Google officially recommends the canonical tag over noindex for handling duplicates. The reason: the canonical consolidates SEO signals (backlinks, authority) to the reference URL, while noindex blocks indexing without transferring these signals. For an SEO practitioner, this means to avoid noindex except for content that you really want to exclude from indexing.

What you need to understand

Why does Google differentiate between canonical and noindex for duplicates?

These two tags serve radically different purposes. Noindex tells Google not to show the page in its search results, period. The canonical informs which version of similar content should be considered the reference.

When a page has a noindex, Google ignores its signals: the backlinks pointing to that URL are not consolidated to another version. PageRank evaporates. The canonical, on the other hand, functions as a hub: it gathers all signals from variant URLs toward the chosen canonical URL.

When do we encounter legitimate duplicate content?

Duplications often occur for technical reasons: HTTP/HTTPS versions, with or without www, sorting or filtering URL parameters, printable versions, regional variants. In e-commerce, a single product listing can exist in multiple URL variations (color, size, packaging).

These duplications are not business errors, but they create a problem for Google: which version should be indexed? Which one should be displayed in the SERPs? Without a clear directive, the engine chooses itself, and this choice does not always align with your business priorities.

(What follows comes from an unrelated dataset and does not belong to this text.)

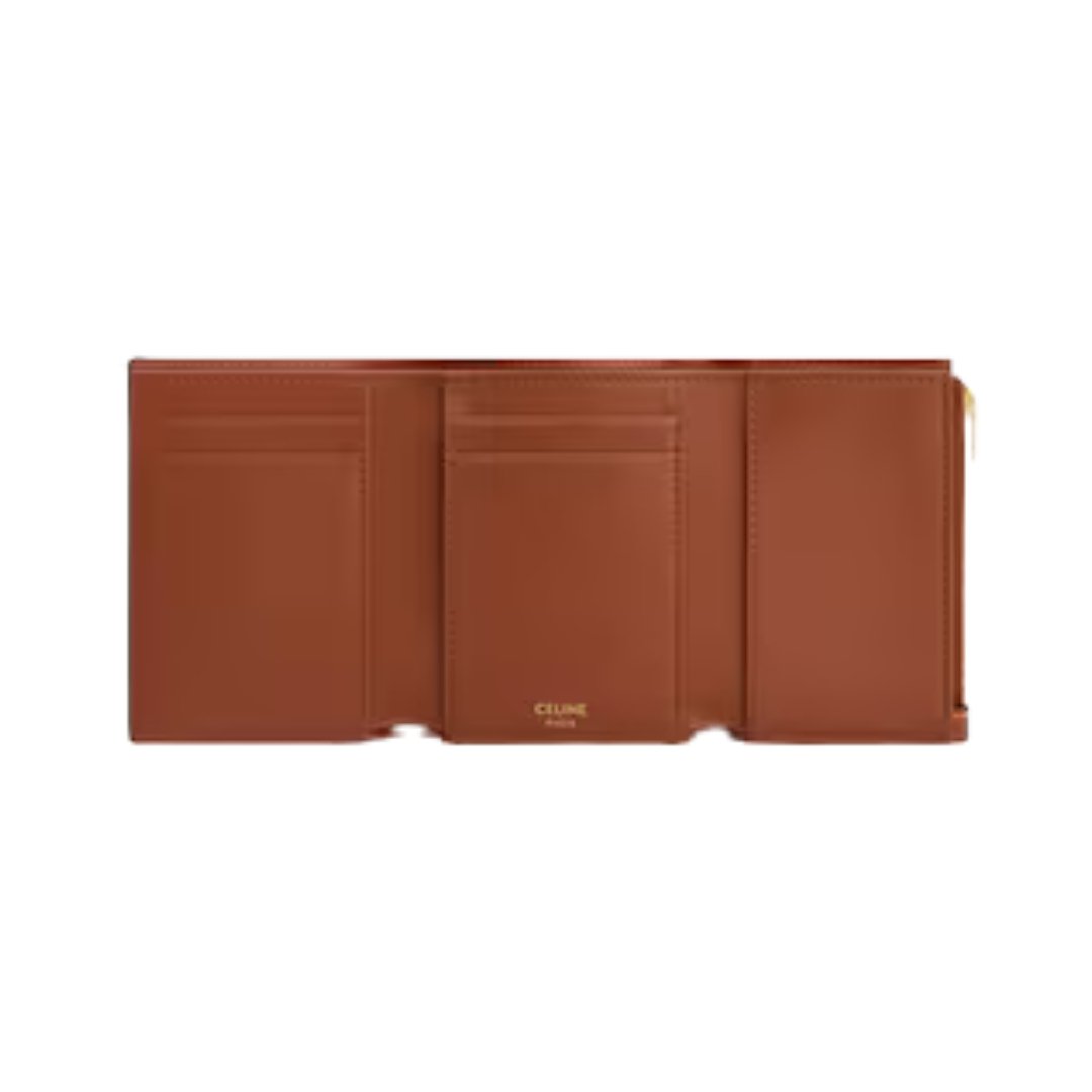 Portafoglio sottile Celine Victoire in pelle marrone 10.5 cm

How does canonical consolidate SEO signals?

Imagine three URLs pointing to the same article: desktop version, mobile, AMP. Without canonical, Google spreads signals across these three variants. With a properly positioned canonical pointing to the reference desktop version, all backlinks, traffic, and authority converge to that unique URL.

This mechanism preserves SEO power. A site that noindex its variants loses this consolidation: each backlink to a noindexed page becomes a dead signal, a link that transfers no authority.

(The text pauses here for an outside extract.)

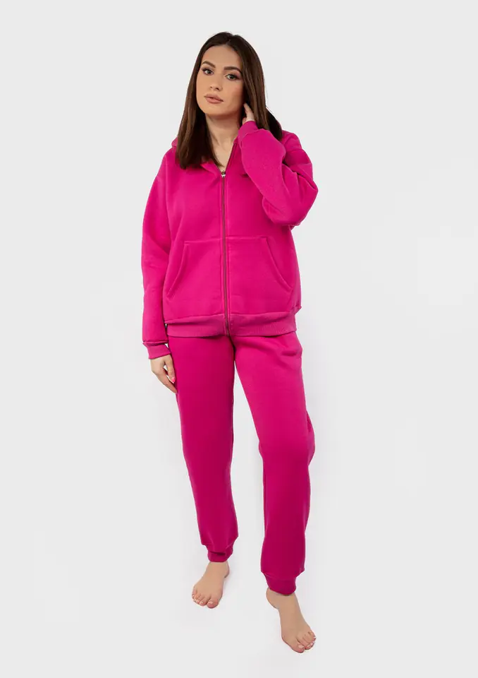 Komplet to doskonałe połączenie stylu i wygody, idealne na każdą okazję. Składający się z grubej bluzy rozpinanej z kapturem oraz spodni, zestaw ten jest niezastąpiony dla każdego, kto ceni sobie komfort i modny wygląd.

  • Canonical: consolidates signals to the reference URL, preserves PageRank, allows indexing of the chosen version.
  • Noindex: blocks indexing, does not consolidate, backlinks to the noindexed page transmit nothing.
  • A page can technically carry both tags, but noindex takes precedence: Google will no longer crawl the page regularly and will ultimately ignore the canonical.
  • The canonical is a strong but not absolute directive: Google may choose another URL if it believes your choice does not reflect the best version.
  • For truly sensitive or outdated content, noindex remains the right tool: you want to exclude, not consolidate.

SEO Expert opinion

Is this recommendation consistent with observed practices in the field?

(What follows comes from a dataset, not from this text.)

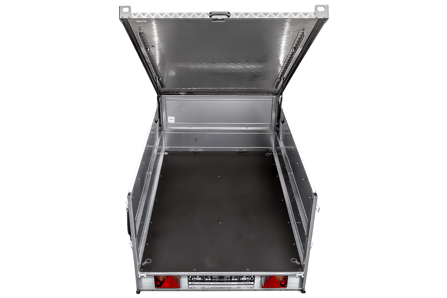 Le kit comprend des panneaux latéraux BIS qui augmentent la hauteur de l'espace de chargement, permettant ainsi d'accueillir des volumes de chargement plus importants. Autre avantage : le couvercle en aluminium, léger et extrêmement résistant. Renforcé sur les côtés pour une rigidité structurelle optimale, il ne compromet pas la capacité de charge de la remorque grâce à son faible poids (environ 50 kg). Équipé de vérins à gaz, le couvercle s'ouvre et se ferme facilement et sans effort. Ils maintiennent le couvercle ouvert, simplifiant considérablement les opérations de chargement et de déchargement. Un verrou à clé protège également le chargement contre le vol. La surface supérieure est dotée de rails de transport permettant la fixation d'une galerie de toit, d'un coffre ou d'un porte-vélos, augmentant ainsi la fonctionnalité de la remorque et sa capacité de chargement.

Absolutely. Audits regularly reveal sites that massively noindex URL variants instead of applying canonicals. The result: a dilution of authority, lost backlinks, wasted crawl budget on URLs that Google still visits via internal links before noticing the noindex.

When used correctly, the canonical also reduces server load. Google understands that these variants point to a reference and adjusts its crawl accordingly. With noindex, the bot continues to visit the URLs (as long as they are linked) to check the tag, without any benefit for the site.

What nuances should be added to this rule?

The canonical does not solve everything. If your URL variants are generated in an uncontrolled manner (UTM parameters in the CMS, infinite facets in e-commerce), the problem is structural. The canonical becomes a band-aid on an open wound: you multiply unnecessary URLs that Google has to process.

Another point: the canonical is a suggestion, not an order. Google may ignore your choice if the canonical page is significantly different from the variants, or if it returns a 404, or if the canonical points to a URL blocked in robots.txt. [To be checked] systematically in Search Console, Coverage tab.

Warning: A poorly set canonical (loop, chain, missing self-reference) can cause partial or total deindexing. Canonical errors are as destructive as a misplaced noindex.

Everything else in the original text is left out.